Entries taken from a collection:
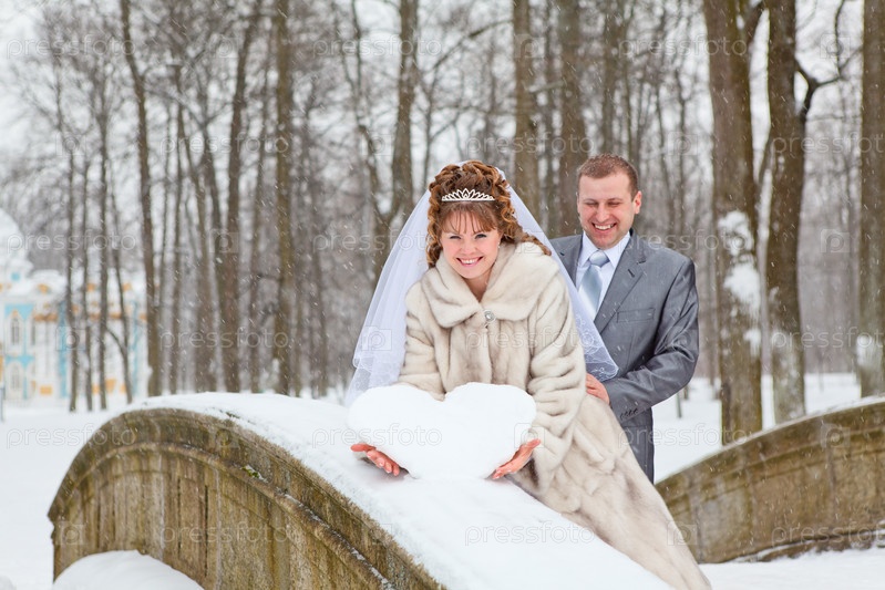 Пара молодоженов держат снежное сердце. Зимний сезон в России
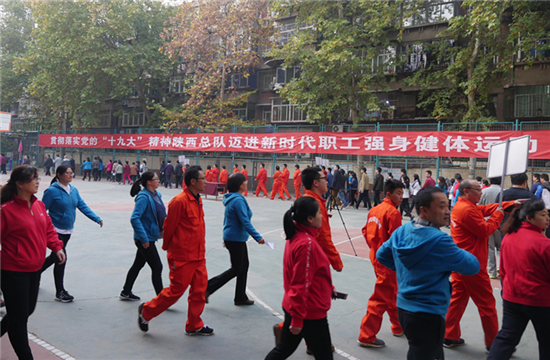 为深入贯彻落实党的十九大精神,让总队广大职工通过强身健体,以良好的精神状态和饱满的奋斗激情投入到工作和生活中,拥有更多的获得感和幸福感,陕西总队自11月6日起,在全体在职和离退休职工中开展了职工强身健体运动。每天上午7点半和下午5点整,运动场上都会准时响起一首首歌颂党歌颂祖国的雄壮乐曲,百余名在职和离退休职工们伴随着催人奋进的歌声,围绕着运动场迈着有力的步伐健步前行,既锻炼了身体,又陶冶了情操。除健步走外,本次职工健身运动还设有定点投篮、羽毛球、踢毽子、跳绳、呼啦圈、慢骑自行车、滚轮胎、象棋等个人项目二十余项,得到了广大在职和
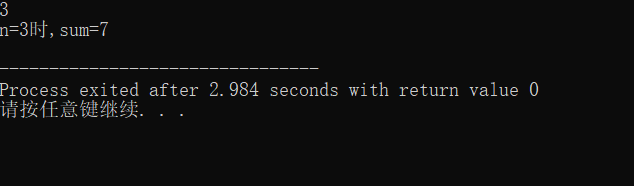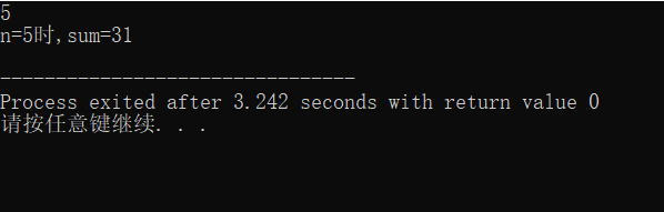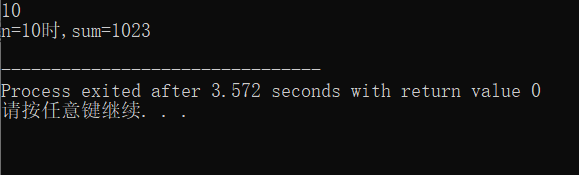 //ex6.cpp #include<stdio.h> #include<math.h> int main(){ int n,sum; scanf("%d",&n); sum=pow(2,0)*(1-pow(2,n))/(1-2); printf("n=%d时,sum=%d\n",n,sum); return 0; }
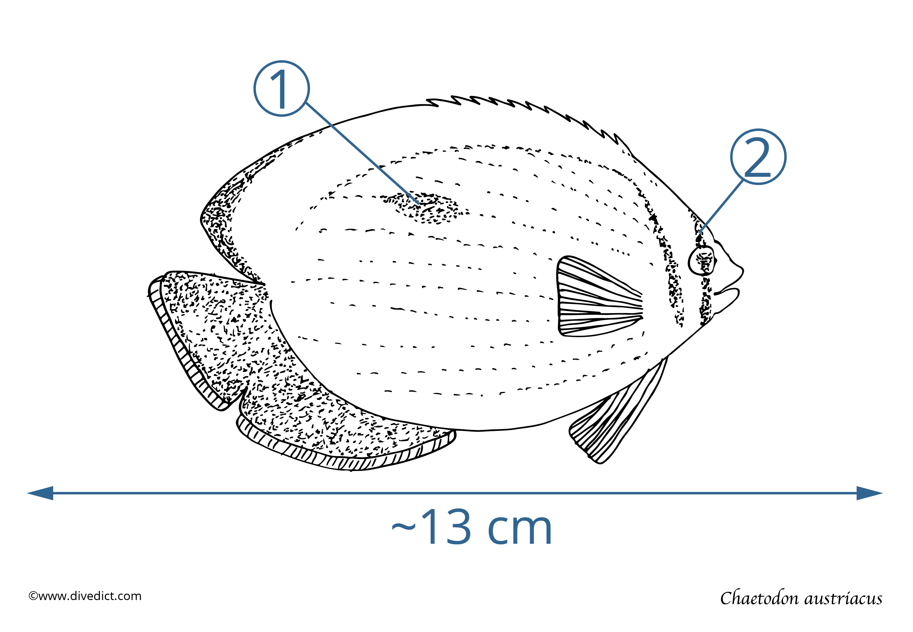 This colleague of butterflyfish also stands out with its bright yellow base color. However, its tail and anal fins are pitch black. His head is decorated with black, vertical stripes, one of which is used to camouflage his eye to confuse predators. The rest of his body is decorated with black horizontal stripes, above which is his pale yellow to white dorsal fin. Some specimens have additional subtle light blue stripes along the dorsal fin and are therefore particularly attractive to look at.
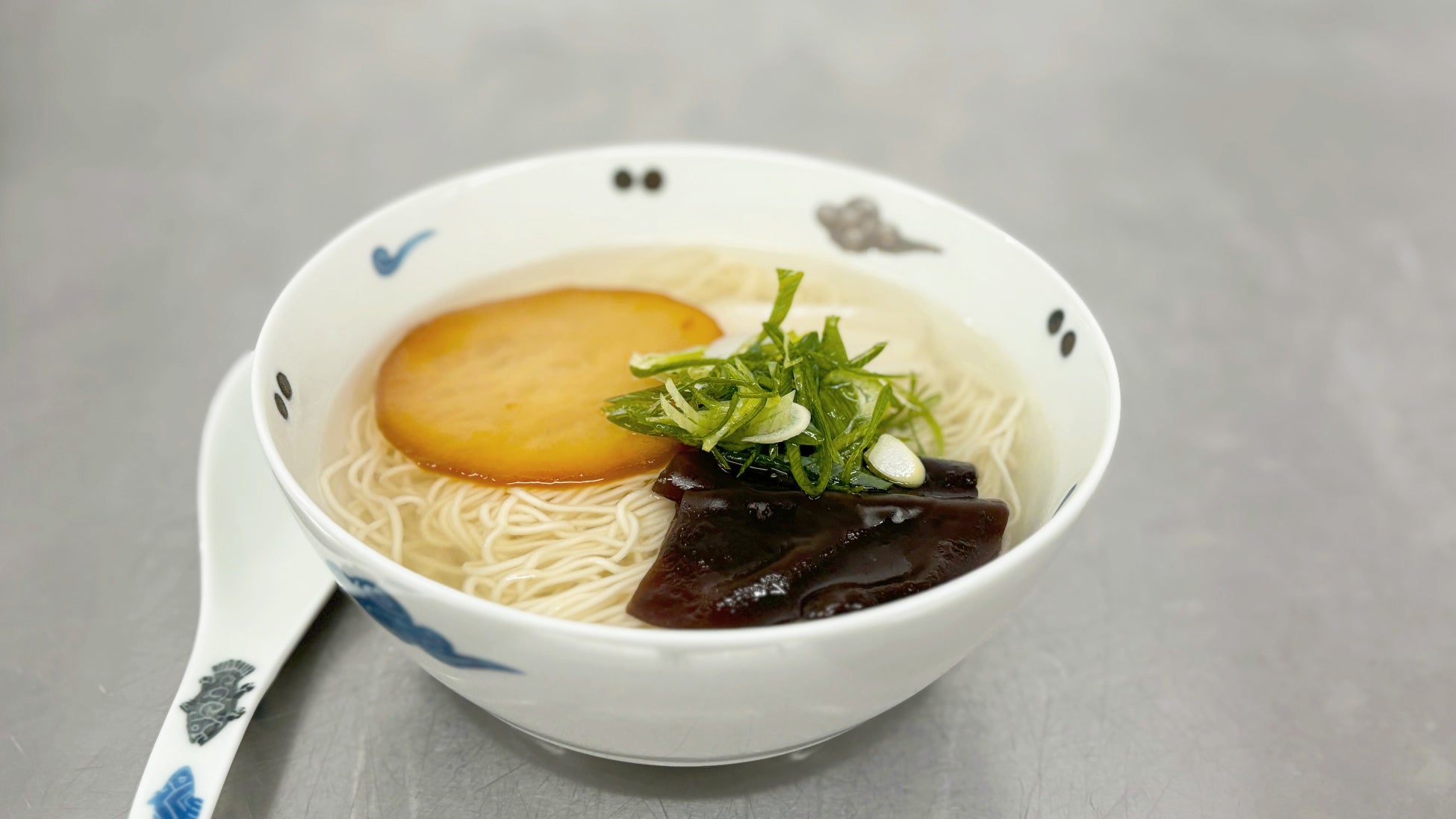 泉涌寺齋華さんのコースのシメにも登場する塩ラーメンをベースに、大根のほかには、岡山産の生きくらげ、高級すし店などで使われる肉厚の国産干瓢をトッピング。仏の教えに基づいて、可能な限り植物性の食材を使った泉涌寺オリジナルメニューを考案いただきました。陳皮(ちんぴ)というみかんの皮を乾燥させた生薬を使って煮込んだ大根は、開山俊芿律師もお気に召していただけることでしょう。

### Work to be completed
Restate the lines of the records exactly, starting at the first and stopping after the line with "为深入贯彻落实党的十九大精神". Leave out any picture.

### Exercise output
 Пара молодоженов держат снежное сердце. Зимний сезон в России
 为深入贯彻落实党的十九大精神,让总队广大职工通过强身健体,以良好的精神状态和饱满的奋斗激情投入到工作和生活中,拥有更多的获得感和幸福感,陕西总队自11月6日起,在全体在职和离退休职工中开展了职工强身健体运动。每天上午7点半和下午5点整,运动场上都会准时响起一首首歌颂党歌颂祖国的雄壮乐曲,百余名在职和离退休职工们伴随着催人奋进的歌声,围绕着运动场迈着有力的步伐健步前行,既锻炼了身体,又陶冶了情操。除健步走外,本次职工健身运动还设有定点投篮、羽毛球、踢毽子、跳绳、呼啦圈、慢骑自行车、滚轮胎、象棋等个人项目二十余项,得到了广大在职和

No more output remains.